Shh,” he said against her hair. “It’s all right, I’ve got you.”

“Vivi-
viana … Vine?”

Anton felt the air he’d been holding in release. Rory had survived the car rolling over and Joe coming down on them, too.
Somehow. Anton hadn’t checked the other bull, but he was more concerned over getting his wife out first.

“Rory, you okay?” Anton asked loudly.

Anton listened as glass was brushed off, Rory groaned painfully, and then the man’s head popped out of the driver’s side window. He had one hell of a bump on his forehead, a bloodied up lip, and few scrapes and bruises. The accident had only knocked him out, luckily. But that bump was a good sign he might be concussed, too.

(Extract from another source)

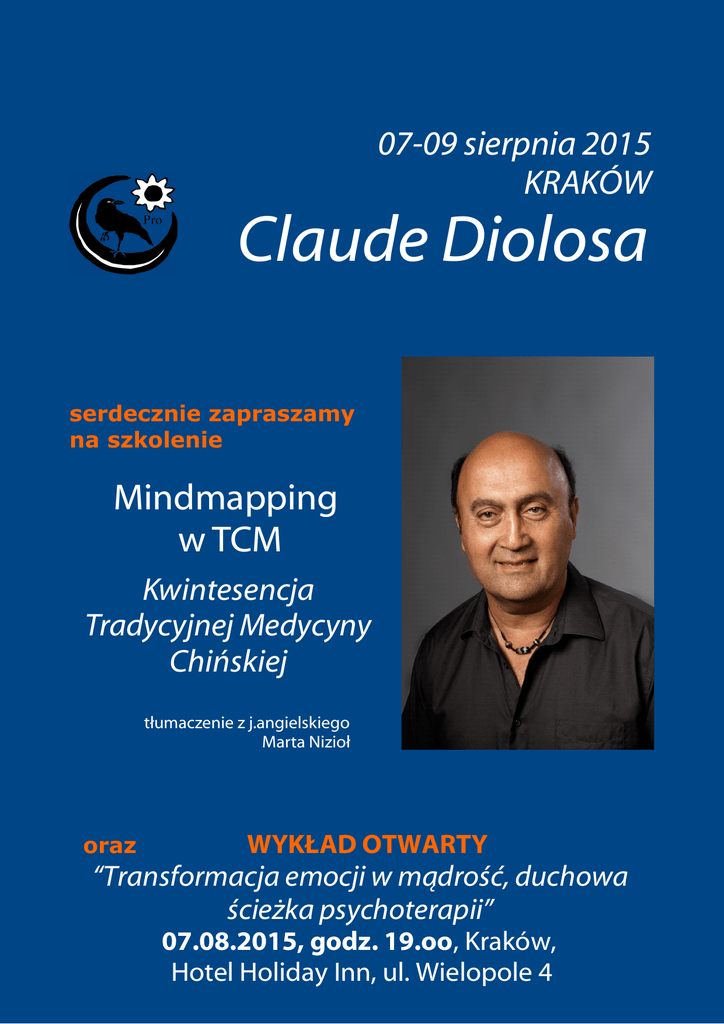 07-09 sierpnia 2015 KRAKÓW Claude Diolosa serdecznie zapraszamy na szkolenie Mindmapping w TCM Kwintesencja Tradycyjnej Medycyny Chińskiej tłumaczenie z j.angielskiego Marta Nizioł oraz WYKŁAD OTWARTY “Transformacja emocji w mądrość, duchowa ścieżka psychoterapii” 07.08.2015, godz. 19.oo, Kraków, Hotel Holiday Inn, ul. Wielopole 4 Claude Diolosa, założyciel Avicenna Institut (Niemcy, Włochy), to niekwestionowany pionier w krzewieniu TCM w Polsce. Od 28 lat naucza u nas zagadnień Tradycyjnej Medycyny Chińskiej. W swoim życiu łączy filozofię, Tradycyjną Medycynę Chińską oraz prawdy uniwersalne i przekazuje je w charyzmatyczny, klarowny i pełen humoru sposób. Od lat współpracuje z uniwersytetem w Chengdu w Chinach, gdzie zapraszany jest m.in. jako wykładowca. Ponadto stale szkoli terapeutów, lekarzy i farmaceutów m.in. w Niemczech, Austrii i Szwajcarii. O kursie: Diagnostyka różnicowa jest niezbędną podstawą, na której można budować terapię bez ryzyka. Czy przeprowadza się ją za pomocą akupunktury, masażu, moksy lub ziół, nie ma tu znaczenia. Najważniejsza jest precyzyjna diagnoza. Jak tylko ustalisz diagnozę i odpowiednią strategię leczenia, terapia staje się bardzo prosta. Sprzeczności Diagnostyka różnicowa nie jest tym, co przedstawia się w dzisiejszej literaturze TCM. Czyta się na przykład o niedoborze Qi Śledziony, objawy i receptury są opisane bardzo jednoznacznie i precyzyjnie, więc na początku można mieć wrażenie, że TCM jest medyczną zabawką dla dzieci. W praktyce sytuacja nie jest tak jednoznaczna, ponieważ obrazy energetyczne są bardzo zmienne i w pewien sposób odpowiadają istocie I Cing, wielkiej Księdze Przemian. Jeśli jako terapeuta jesteś w stanie śledzić i interpretować tę transformację, Twoja terapia będzie efektywna. Jeśli nie, mogą powstać nawet skutki uboczne. Trudnym orzechem do zgryzienia dla mnie, jak i wielu kolegów po fachu są często pojawiające się sprzeczności pomiędzy wyglądem języka, nalotem, pulsem i wyglądem twarzy pacjenta. Muszę przyznać, że moja osobista metoda diagnostyki po latach doświadczeń ograniczyła się do trzech podstawowych cech, a mianowicie: wyglądu pacjenta, cech pulsu i języka. Wypowiedzi pacjenta są wprawdzie ważne, ale zadawanie mu zbyt wielu pytań może spowodować spore zamieszanie. Pomijam fakt, że pacjenci rzadko opowiadają całą prawdę. Wolę więc bazować na tym, co widzę i czuję. Przez lata opracowałem system, który określam jako Mindmapping TCM. Ten system integruje wszystkie metody diagnostyki różnicowej i dzięki temu znosi wszystkie zewnętrzne sprzeczności. Zawsze chętnie prezentuję w obrazach klinicznych ten system diagnostyczny na wykładach dla moich studentów. Zawiera on również istotę astrologii, przede wszystkim zaś dogłębne metody I Cingu, w tym znaczenie trygramów i heksagramów. Nie powinniśmy zapominać, że TCM ma swoje korzenie w tych ponadczasowych prawach, a inspiracja pochodzi od mitycznych cesarzy i przede wszystkim z taoizmu. Studiowanie klasycznych dzieł medycyny chińskiej oraz Księgi Przemian ma bardzo istotne znaczenie dla zrozumienia ówczesnej filozofii i metod stosowanych przez starożytnych lekarzy. Wszystkie receptury Zhang Zhong Zhinga są odzwierciedleniem heksagramów i zawierają istotę Yin, Yang jak też Wu Xing. Już same nazwy dają pewne wskazówki: Da Qing Long Tang (Wywar Zielonego Smoka), Bai Hu Tang (Wywar Białego Tygrysa) etc. W metodzie Mindmapping wszystkie systemy, właściwości pulsu, języka i twarzy zostały połączone z istotą I Cing i Wu Xing. Ten system wygląda następująco: 1234- Wewnątrz i Zewnątrz – Luo i Yuan Zegar Narządów Liu Jing Wszystko połączone jest z u Wu Xing Przykład: 1234- Niedobór Qi Śledziony – Wilgoć Żołądka Zegar Narządów: Zastój Płynów w San Qiao > obrzęki Liu Jing: Tai Yin > niedobór Qi Płuc – niska odporność Wuxing > Wilgoć w Jelicie Grubym – luźne stolce Praktyczne zastosowanie w farmakologii: 12345- Niedobór Qi Śledziony = atractylodes macrocephalae rhizoma praep - chao bai zhu Wilgoć Żołądka = citri reticulatae pericarpium - chen pi Zegar Narządów – Wilgoć w San Qiao = poria alba sclerotium - bai fu ling Niedobór Qi Płuc = astragali radix - huang qi Wu Xing - Wilgoć w Jelicie Grubym = aucklandiae radix - mu xiang - amomi fructus sha ren To zaledwie uproszczony przykład tego systemu, który bardzo dużo zawiera i wszystko łączy. Na przykład Wilgoć w Jelicie Grubym wskutek stagnacji przekształci się w Wilgoć i Gorąco etc. Wprawdzie wyuczenie się oddzielnych wzorców patologii ma na początku znaczenie, ale z czasem stają się one niepotrzebne, ponieważ istota choroby jest zawsze dynamiczna. Sprzeczności pomiędzy pulsem, językiem i wyglądem pacjenta Przykład: puls pacjenta jest nitkowaty – Wei Mai, ale ciało języka grube i szerokie, pacjent ma 38 lat. Sytuacja jest bardzo poważna, ponieważ puls, język i wygląd są sprzeczne. Pacjent ma TAN, wysoki poziom cholesterolu, a przede wszystkim chorobę wieńcową serca. Istota diagnostyki różnicowej (Bian Zheng) jest niezgłębiona i potrzebuje czasu, by ją opanować. Do tego dochodzi wiedza o meridianach głównych, TMM, Jing Bie, naczyniach Luo i innych strukturach. Terapeuta powinien dysponować bardzo dobrym jelitem cienkim, by móc powiązać ze sobą wszystkie informacje. Życzę Wam wszystkim powodzenia i inspiracji w pracy! Claude Diolosa MIEJSCE: PLAN ZAJĘĆ: INFO i ZGŁOSZENIA: Kraków, Hotel Holiday Inn ul. Wielopole 4 piątek 07.08 g.15.oo-18.oo sobota 08.08 g.10.oo-18.oo niedziela 09.08 g.10.oo-18.oo [email protected] Arkadiusz Curzytek 601413371 Marta Markowska 504667588 KONTO: mBank 58 1140 2004 0000 3402 7537 1550 CENA: 1150,oo TYTUŁEM: szkolenie Claude Diolosa 2015 WARUNKI PRZYJMOWANIA ZGŁOSZEŃ: o uczestnictwie w szkoleniu decyduje kolejność zgłoszeń oraz terminowy przelew zaliczki

Rory clamoured out of the broken window, landing to the ground with a thump. The man sat there, head in his hands, and stared at the ground, saying nothing.

The gurgling coming from three feet away reminded Anton of Joe.

And his wife in his arms.

Viviana tried to look in Joe’s direction, but Anton wouldn’t let her. The last thing she needed was to see the damage she’d caused.

“Rory, I need you to get up. Can you do that?” Anton asked.

Anton had very little time left with Joe.